Belém, 09 (AE) - A Polícia Federal vem investigando há aproximadamente dois anos as atividades do pesquisador alemão Hans Korneze, suspeito de ser um dos líderes da biopirataria na Amazônia. Segundo denúncias, Korneze teria contrabandeado, sozinho, mais de mil aranhas-caranguejeiras, cuja cotação em alguns países da Europa alcança US$ 5 mil por exemplar.

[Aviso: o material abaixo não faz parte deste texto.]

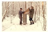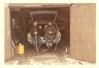 Formand Pauli Andersen (t.v.) og Klaus Bertram Mikkelsen nyder en (velfortjent?) dram efter hjemkomst fra rævejagt på Blushøj, januar 1970.

De acordo com a PF, era para o pesquisador alemão que se destinavam as 94 aranhas encontradas em poder da paraense Keila Marinho, detida no Recife no sábado, quando embarcaria para a Suíça.
As ligações de Korneze com Keila e outras pessoas residentes em vários pontos da Amazônia, principalmente na região do Rio Arapiuns, em Santarém, oeste do Pará, estão sendo levantadas. Um delegado da PF em Santarém, no entanto, disse que ainda não há provas suficientes para indiciar o alemão por biopirataria.
Contrabando - O biólogo Hamilton Cazarra, do Instituto Brasileiro do Meio Ambiente e dos Recursos Naturais Renováveis (Ibama) no Amazonas, ressaltou que pesquisadores estrangeiros estão contrabandeando escorpiões, sapos, besouros e cobras para países como França, Alemanha e Suíça. O preço de um sapo comprado de ribeirinhos no Rio Arapiuns em média é de R$ 5, mas no exterior atinge até R$ 600. Na Europa, um sapo da espécie dendrobata (venenosa) pode valer até US$ 3 mil.
A cobra, de acordo com o tamanho, vale ainda mais. Se for uma sucuri, é comprada por R$ 20, preço que em outros países pode alcançar mais de US$ 3 mil. "A biopirataria é velha na Amazônia, mas parece aumentar a cada dia, por falta de fiscalização", diz o biólogo Evaldo Maia, de Santarém.
Estrangeiros - Pesquisadores estrangeiros que trabalham no Museu Goeldi, em Belém, evitam comentar o assunto. Os que foram procurados pela reportagem afirmaram não ter tempo para se preocupar com essa questão. Eles disseram ter entrado legalmente no Brasil e garantiram que atuam em convênios com pesquisadores brasileiros, trocando informações de interesse científico. Também afirmaram não conhecer ninguém que pratique biopirataria.